[[ DATASET EXCERPTS open ]]

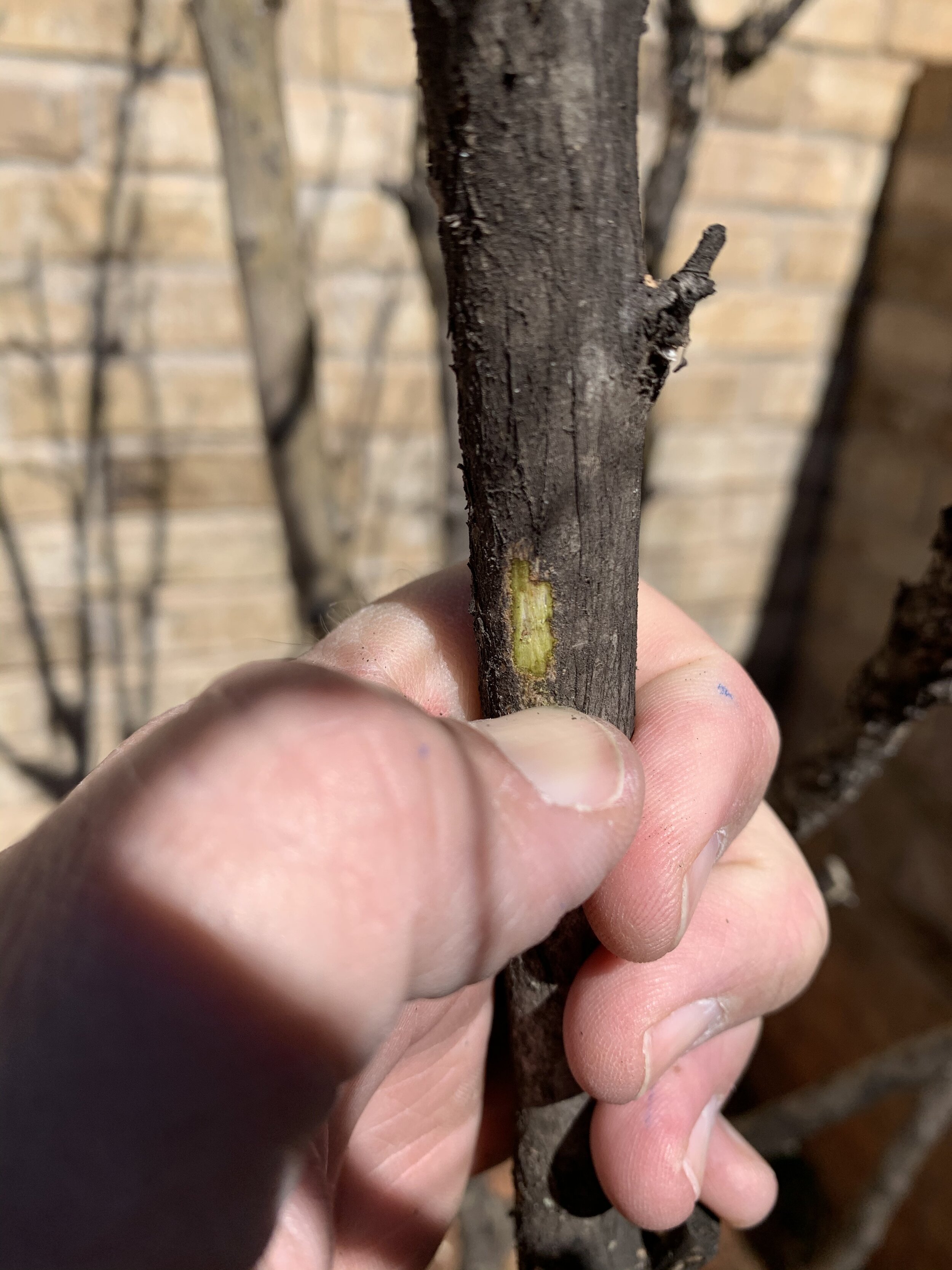 Another indicator is the condition of the buds on the tip of a stem. If the bud is hard and dry, the bud is dead. If the bud is soft and supple, the branch is alive.
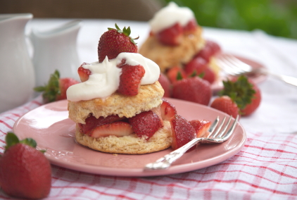 Makes 6 shortcakes (there will be extra biscuits so just prepare more strawberries and cream for a larger yield)
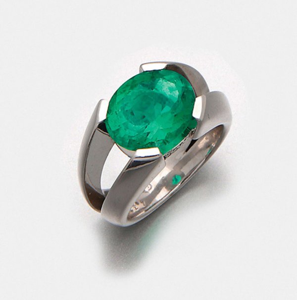 Brasilianischer Smaragdring Weißgold, gest. 750. Zentral besetzt mit einem leuchtendgrünen Smaragd im Ovalschliff von ca. 4,37 ct., unterhalb von kleinen Diamanten entouriert. Sehr feine Goldschmiedeausführung. Gew. ca.15,79 g.
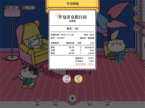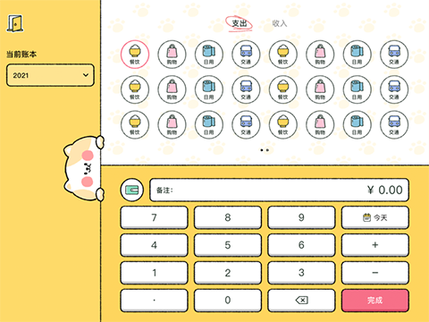- 兼顾可爱轻松游戏风格与实用的账目统计功能(周、月、年视图自由切换)
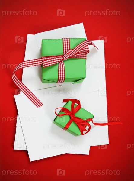 Рождественские открытки и подарки на красном фоне
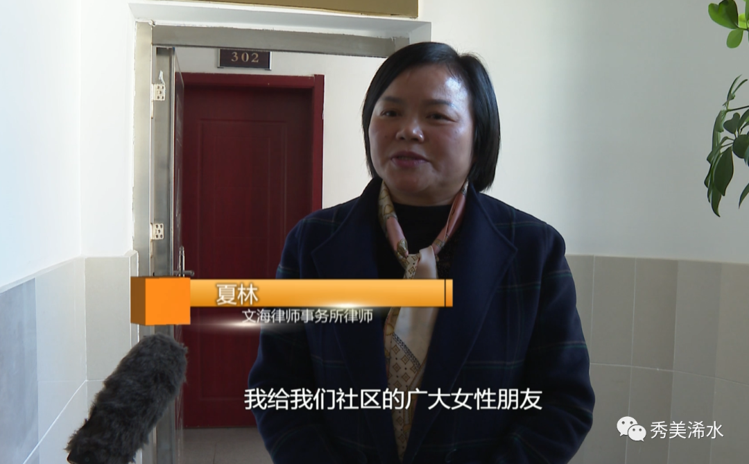 文海律师事务所律师 夏林:我给我们社区的广大女性朋友讲述了女性在婚姻家庭生活中财产权益保护的方法,希望能帮助我们广大女性朋友提高自我防护的能力,做一个有智慧的女人。

[[ DATASET EXCERPTS closed ]]

After removing the pictures, transcribe the listing above exactly.

→ EXERCISE RESULT:
 Another indicator is the condition of the buds on the tip of a stem. If the bud is hard and dry, the bud is dead. If the bud is soft and supple, the branch is alive.
 Makes 6 shortcakes (there will be extra biscuits so just prepare more strawberries and cream for a larger yield)
 Brasilianischer Smaragdring Weißgold, gest. 750. Zentral besetzt mit einem leuchtendgrünen Smaragd im Ovalschliff von ca. 4,37 ct., unterhalb von kleinen Diamanten entouriert. Sehr feine Goldschmiedeausführung. Gew. ca.15,79 g.
- 兼顾可爱轻松游戏风格与实用的账目统计功能(周、月、年视图自由切换)
 Рождественские открытки и подарки на красном фоне
 文海律师事务所律师 夏林:我给我们社区的广大女性朋友讲述了女性在婚姻家庭生活中财产权益保护的方法,希望能帮助我们广大女性朋友提高自我防护的能力,做一个有智慧的女人。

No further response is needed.